■ **Problem statement**
Give back every line of the material exactly. Skip the pictures.
── Provided data
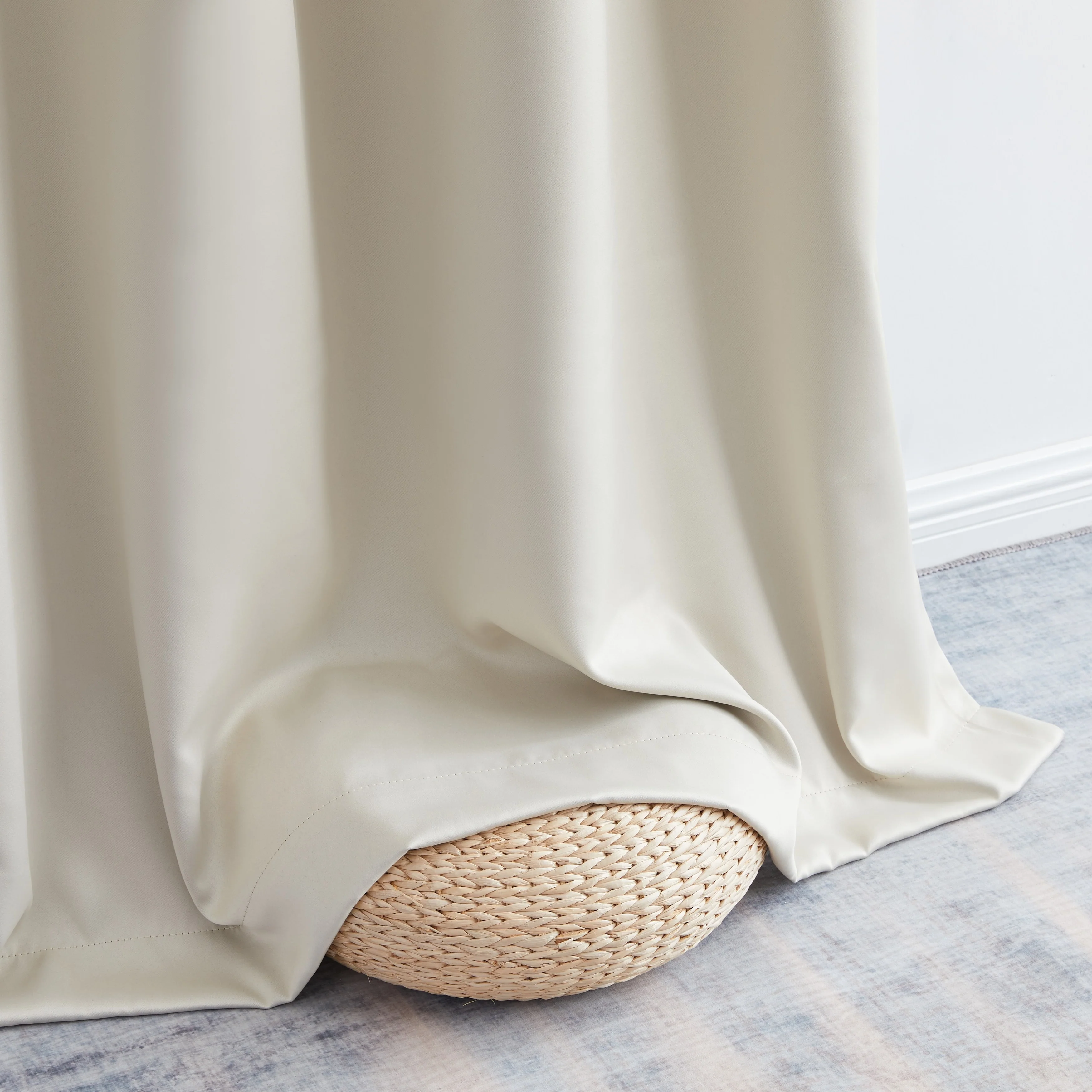 The secret of our curtain panels is our innovative thermal bond material, which effectively blocks light from shining through (100% of light, in fact). Our blackout curtains are sturdy without being too heavy and bulky and provide a high-end decorative touch.
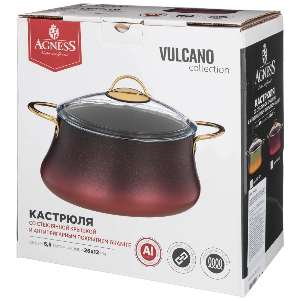 Марка AGNESS представляет посуду турецкого производителя серии Vulcano. Серия Vulcano - это стильная новая форма, интересное цветовое решения и высокое качество производства. Посуда выполнена из кованного алюминия. Благодаря этой технологии посуда становится более прочной, износостойкой и не подвержена деформации. Алюминий - один из лучших проводников, такая посуда быстро и равномерно нагреваются, а значит Ваши блюда готовятся быстро и не подгорают. Основные преимущества посуды серии Vulcano: * Антипригарное покрытие Granite внутри и снаружи. Блюда не прилипают во время готовки, а посуду легко мыть! * Прочное титановое покрытие ручек защищает металл от коррозии. Благодаря такому покрытию, посуду можно мыть в посудомоечной машине и она останется как новая. * Крышка выполнена из массивного термостойкого стекла * Подходит для всех видов плит, включая ИНДУКЦИОННЫЕ * Толщина корпуса 3,5мм Готовьте с удовольствием в посуде AGNESS! Рекомендации: Металлическая ручка может нагреваться. Используйте прихватку, чтобы не обжечься. Чтобы посуда прослужила как можно дольше, рекомендуется использовать деревянные или силиконовые лопатки. Не используйте острые кухонные аксессуары. Избегайте резких перепадов температур при использовании. Резкий перепад температур снижает антипригарные свойства покрытия. Не остужайте горячую посуду под струей холодной воды.
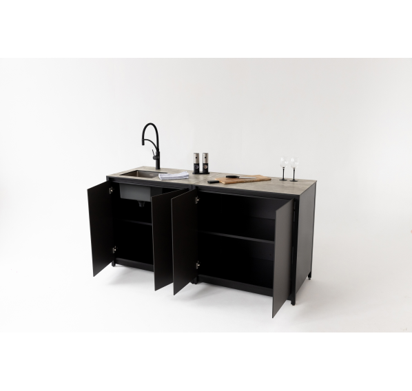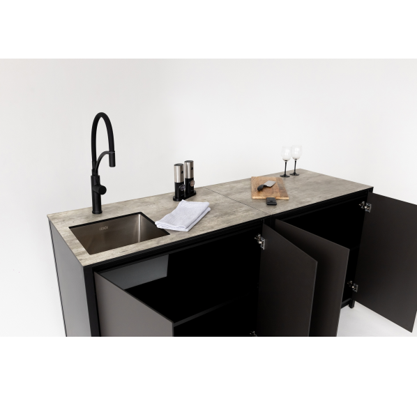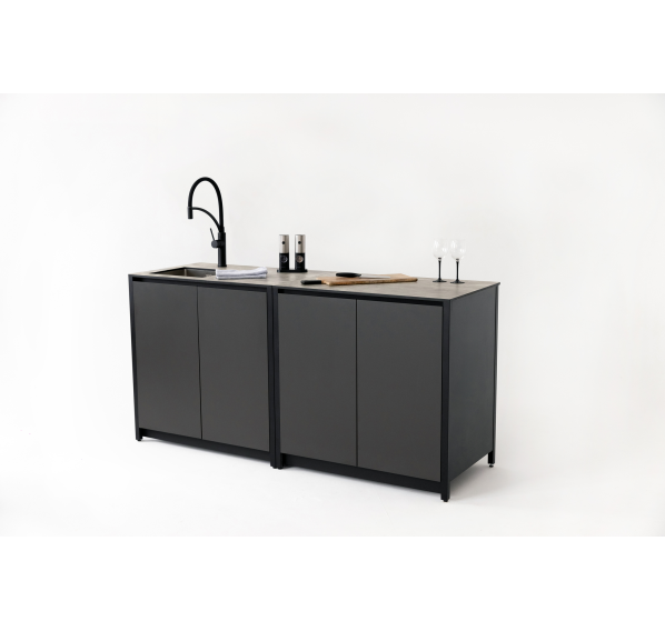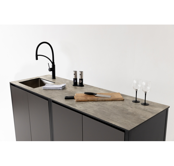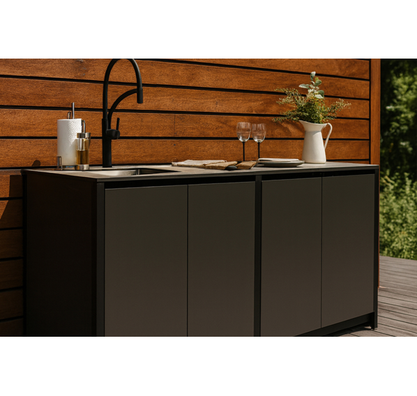 Гарнитур уличной кухни Cronon Lounge — идеальное решение для комфортного отдыха на свежем воздухе! Благодаря водонепроницаемым материалам (HPL-каркасу и столешнице) выдерживает любые погодные условия. Регулируемые ножки обеспечивают устойчивость даже на неровных поверхностях. Встроенная мойка из нержавеющей стали упрощает процесс готовки и уборки. Идеально дополнит территорию дачи или загородного дома.
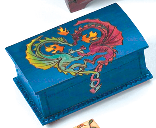 This trick box has a colorful, detailed dragon design featuring two dragons intertwined to form a heart shape on the lid. At first attempt this box does not seem to open, but if you know the trick...slide the front panel to the right and lift the lid!
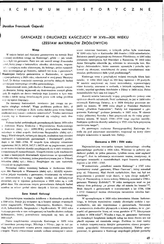 v(iliili, kliny pisząc o kańczuckim ośrodku złotniczym, wspomiał o tamtejszym cechu zbiorowym, do którego, prócz rzemieślików interesującego go kunsztu, należeli też m.in. i garncarze .
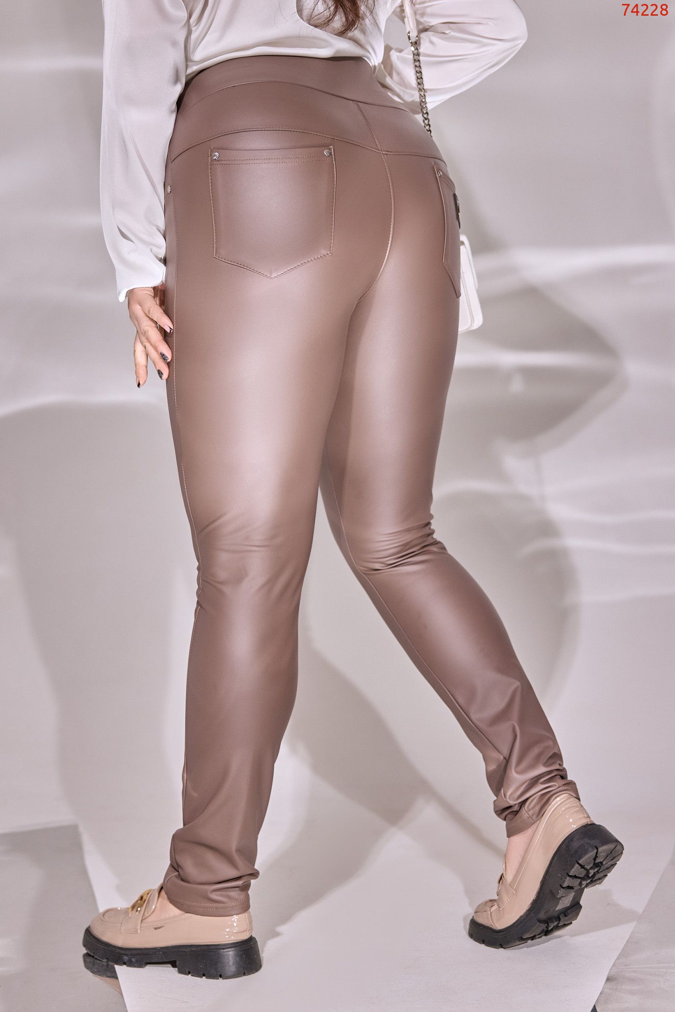 Лосини брючного крою з еко шкіри гарної якості, з кишенями ззаду, на тонкому флісі, приємні до тіла, пояс 10см утяжка
────
■ **Exercise output**
 The secret of our curtain panels is our innovative thermal bond material, which effectively blocks light from shining through (100% of light, in fact). Our blackout curtains are sturdy without being too heavy and bulky and provide a high-end decorative touch.
 Марка AGNESS представляет посуду турецкого производителя серии Vulcano. Серия Vulcano - это стильная новая форма, интересное цветовое решения и высокое качество производства. Посуда выполнена из кованного алюминия. Благодаря этой технологии посуда становится более прочной, износостойкой и не подвержена деформации. Алюминий - один из лучших проводников, такая посуда быстро и равномерно нагреваются, а значит Ваши блюда готовятся быстро и не подгорают. Основные преимущества посуды серии Vulcano: * Антипригарное покрытие Granite внутри и снаружи. Блюда не прилипают во время готовки, а посуду легко мыть! * Прочное титановое покрытие ручек защищает металл от коррозии. Благодаря такому покрытию, посуду можно мыть в посудомоечной машине и она останется как новая. * Крышка выполнена из массивного термостойкого стекла * Подходит для всех видов плит, включая ИНДУКЦИОННЫЕ * Толщина корпуса 3,5мм Готовьте с удовольствием в посуде AGNESS! Рекомендации: Металлическая ручка может нагреваться. Используйте прихватку, чтобы не обжечься. Чтобы посуда прослужила как можно дольше, рекомендуется использовать деревянные или силиконовые лопатки. Не используйте острые кухонные аксессуары. Избегайте резких перепадов температур при использовании. Резкий перепад температур снижает антипригарные свойства покрытия. Не остужайте горячую посуду под струей холодной воды.
 Гарнитур уличной кухни Cronon Lounge — идеальное решение для комфортного отдыха на свежем воздухе! Благодаря водонепроницаемым материалам (HPL-каркасу и столешнице) выдерживает любые погодные условия. Регулируемые ножки обеспечивают устойчивость даже на неровных поверхностях. Встроенная мойка из нержавеющей стали упрощает процесс готовки и уборки. Идеально дополнит территорию дачи или загородного дома.
 This trick box has a colorful, detailed dragon design featuring two dragons intertwined to form a heart shape on the lid. At first attempt this box does not seem to open, but if you know the trick...slide the front panel to the right and lift the lid!
 v(iliili, kliny pisząc o kańczuckim ośrodku złotniczym, wspomiał o tamtejszym cechu zbiorowym, do którego, prócz rzemieślików interesującego go kunsztu, należeli też m.in. i garncarze .
 Лосини брючного крою з еко шкіри гарної якості, з кишенями ззаду, на тонкому флісі, приємні до тіла, пояс 10см утяжка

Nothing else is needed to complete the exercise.